(Dataset records)
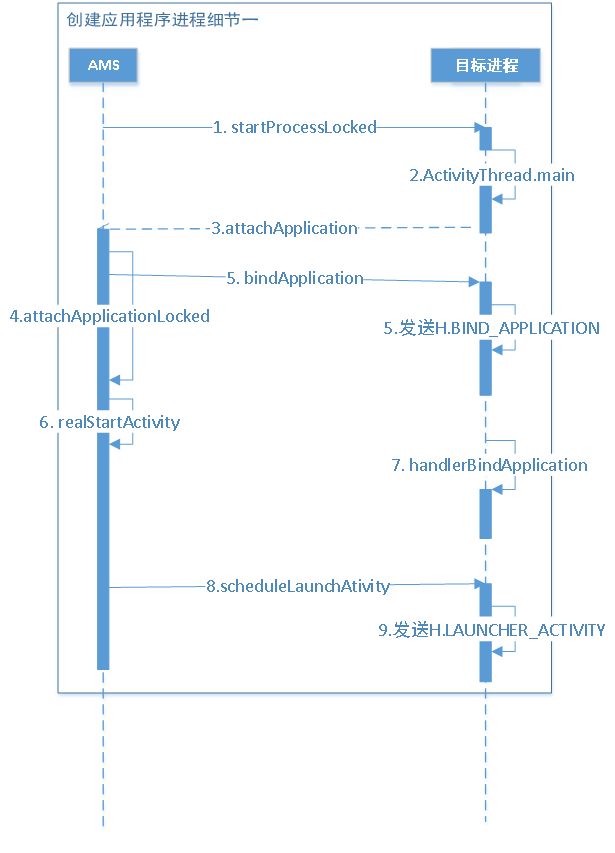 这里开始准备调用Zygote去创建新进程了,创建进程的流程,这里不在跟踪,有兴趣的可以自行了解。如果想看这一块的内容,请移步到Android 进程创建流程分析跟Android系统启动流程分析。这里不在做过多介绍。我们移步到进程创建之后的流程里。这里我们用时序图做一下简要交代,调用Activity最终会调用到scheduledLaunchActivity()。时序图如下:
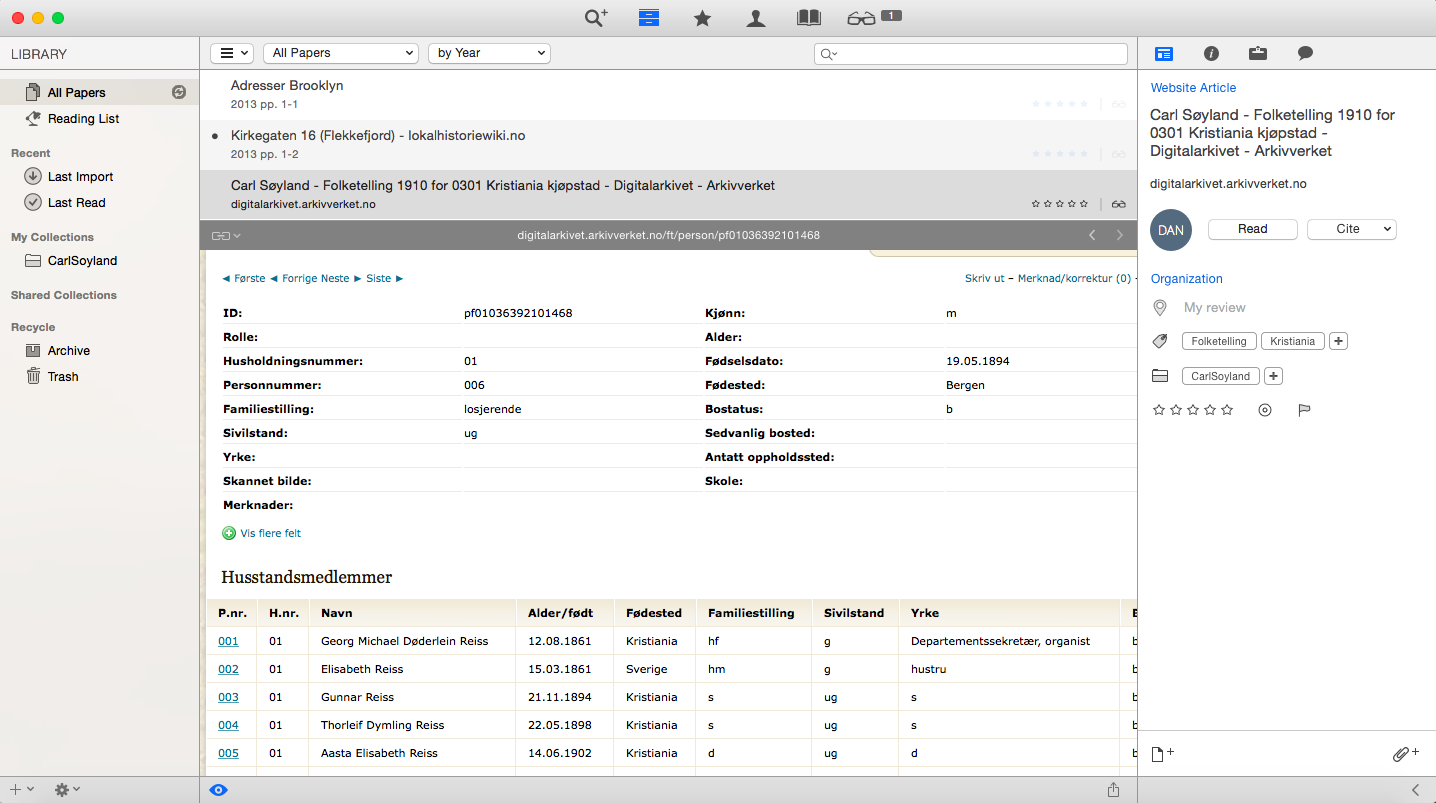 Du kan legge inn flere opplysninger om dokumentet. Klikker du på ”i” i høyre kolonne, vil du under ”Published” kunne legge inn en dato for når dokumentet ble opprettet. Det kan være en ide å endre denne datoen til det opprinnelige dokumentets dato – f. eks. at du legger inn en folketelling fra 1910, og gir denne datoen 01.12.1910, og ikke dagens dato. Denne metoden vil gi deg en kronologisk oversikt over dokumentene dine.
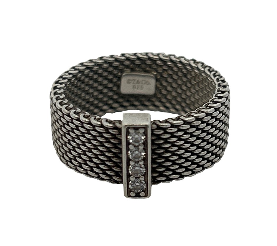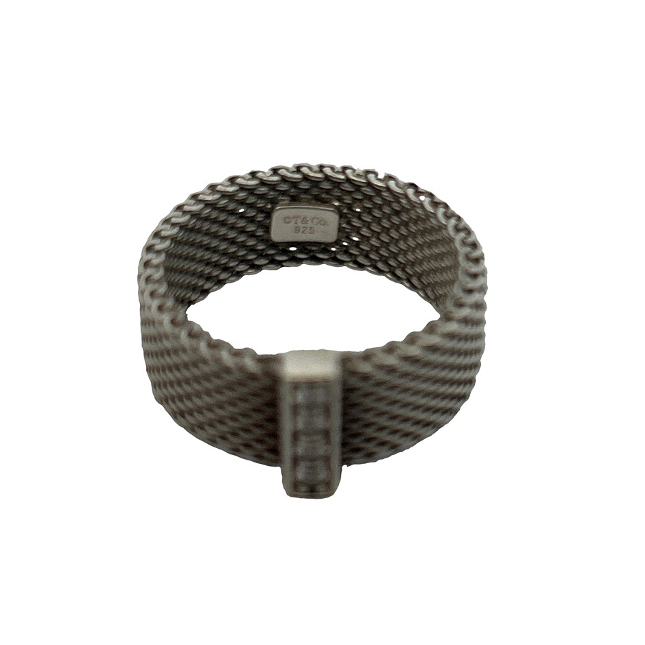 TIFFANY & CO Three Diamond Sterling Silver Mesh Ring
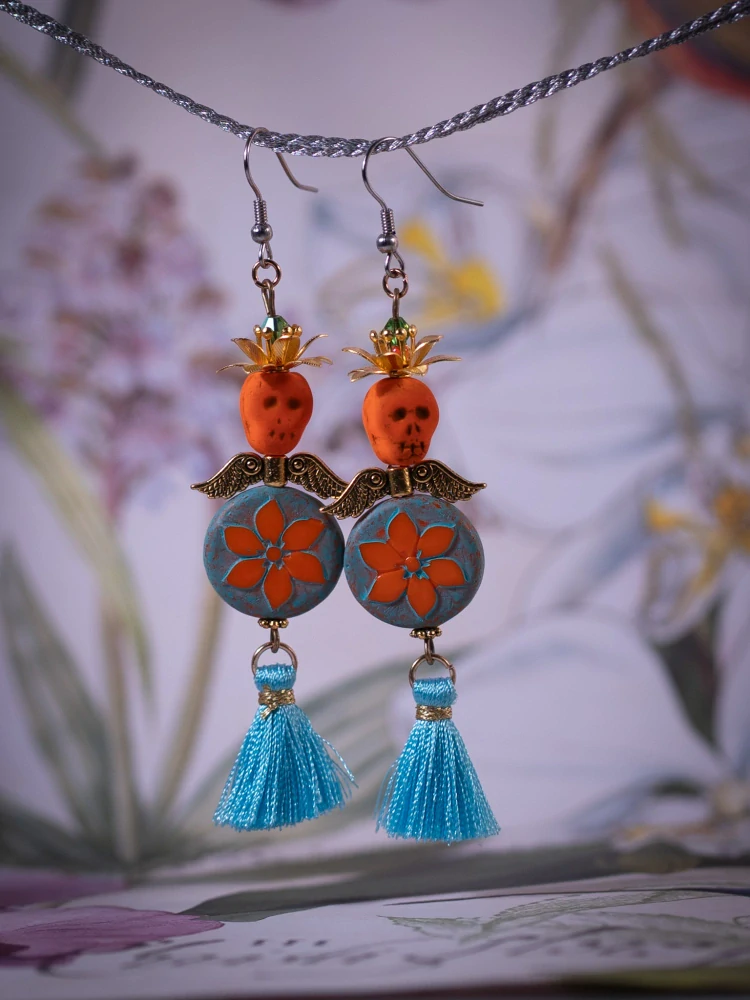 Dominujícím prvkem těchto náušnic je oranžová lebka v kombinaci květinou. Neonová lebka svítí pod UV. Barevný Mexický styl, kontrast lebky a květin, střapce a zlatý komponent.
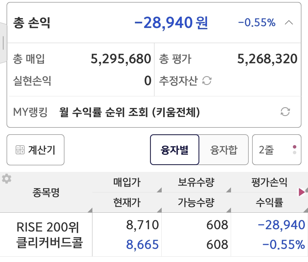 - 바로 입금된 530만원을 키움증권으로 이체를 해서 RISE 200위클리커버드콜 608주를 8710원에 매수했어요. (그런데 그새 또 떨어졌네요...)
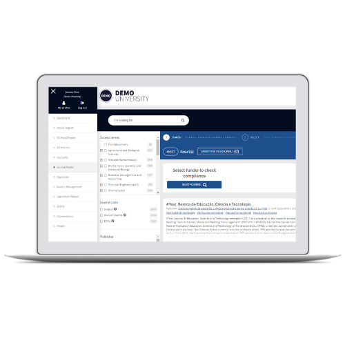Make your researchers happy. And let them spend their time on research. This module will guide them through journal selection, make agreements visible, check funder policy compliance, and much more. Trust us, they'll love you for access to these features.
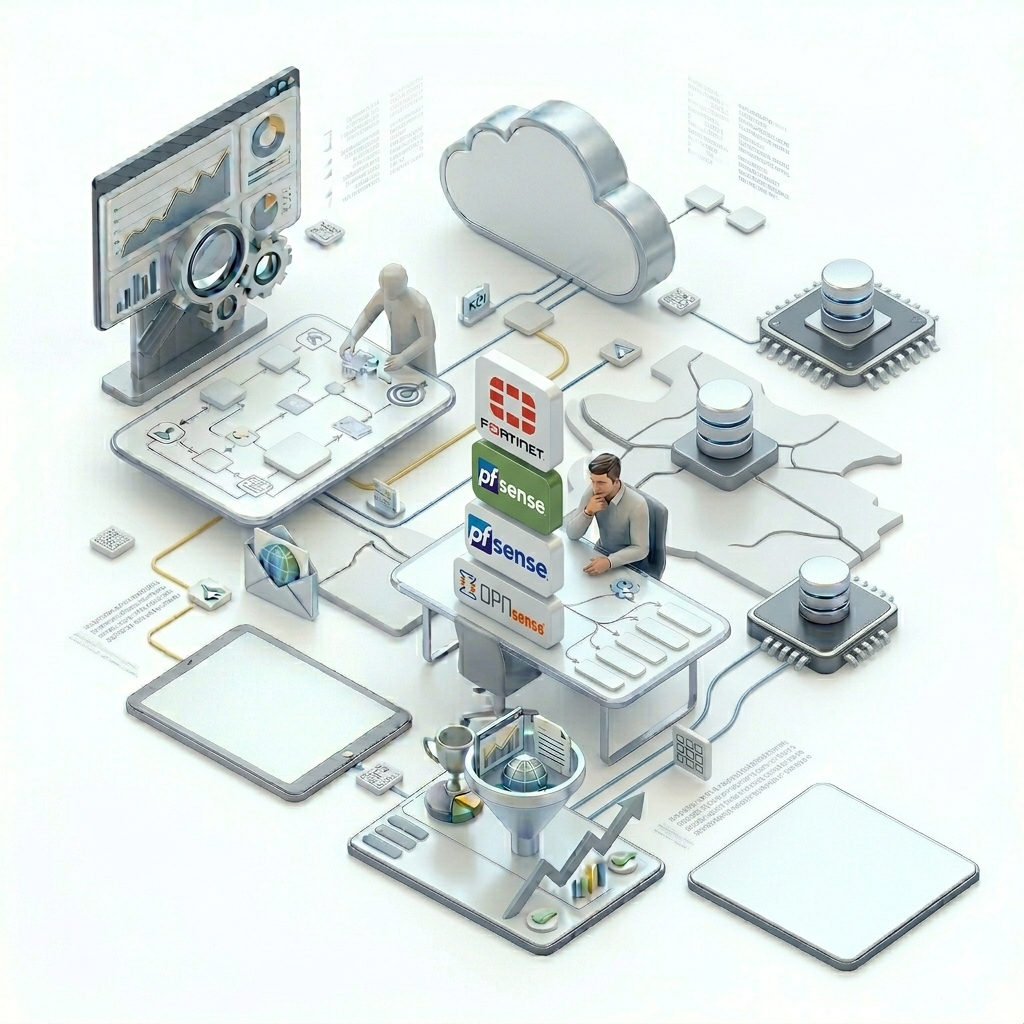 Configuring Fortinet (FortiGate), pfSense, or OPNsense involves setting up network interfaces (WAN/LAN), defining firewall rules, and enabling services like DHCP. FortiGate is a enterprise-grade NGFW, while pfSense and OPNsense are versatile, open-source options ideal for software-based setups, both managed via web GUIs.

§ Task item:
Reproduce all lines above exactly. Leave the images out.

§ Exercise response:
 这里开始准备调用Zygote去创建新进程了,创建进程的流程,这里不在跟踪,有兴趣的可以自行了解。如果想看这一块的内容,请移步到Android 进程创建流程分析跟Android系统启动流程分析。这里不在做过多介绍。我们移步到进程创建之后的流程里。这里我们用时序图做一下简要交代,调用Activity最终会调用到scheduledLaunchActivity()。时序图如下:
 Du kan legge inn flere opplysninger om dokumentet. Klikker du på ”i” i høyre kolonne, vil du under ”Published” kunne legge inn en dato for når dokumentet ble opprettet. Det kan være en ide å endre denne datoen til det opprinnelige dokumentets dato – f. eks. at du legger inn en folketelling fra 1910, og gir denne datoen 01.12.1910, og ikke dagens dato. Denne metoden vil gi deg en kronologisk oversikt over dokumentene dine.
 TIFFANY & CO Three Diamond Sterling Silver Mesh Ring
 Dominujícím prvkem těchto náušnic je oranžová lebka v kombinaci květinou. Neonová lebka svítí pod UV. Barevný Mexický styl, kontrast lebky a květin, střapce a zlatý komponent.
 - 바로 입금된 530만원을 키움증권으로 이체를 해서 RISE 200위클리커버드콜 608주를 8710원에 매수했어요. (그런데 그새 또 떨어졌네요...)
Make your researchers happy. And let them spend their time on research. This module will guide them through journal selection, make agreements visible, check funder policy compliance, and much more. Trust us, they'll love you for access to these features.
 Configuring Fortinet (FortiGate), pfSense, or OPNsense involves setting up network interfaces (WAN/LAN), defining firewall rules, and enabling services like DHCP. FortiGate is a enterprise-grade NGFW, while pfSense and OPNsense are versatile, open-source options ideal for software-based setups, both managed via web GUIs.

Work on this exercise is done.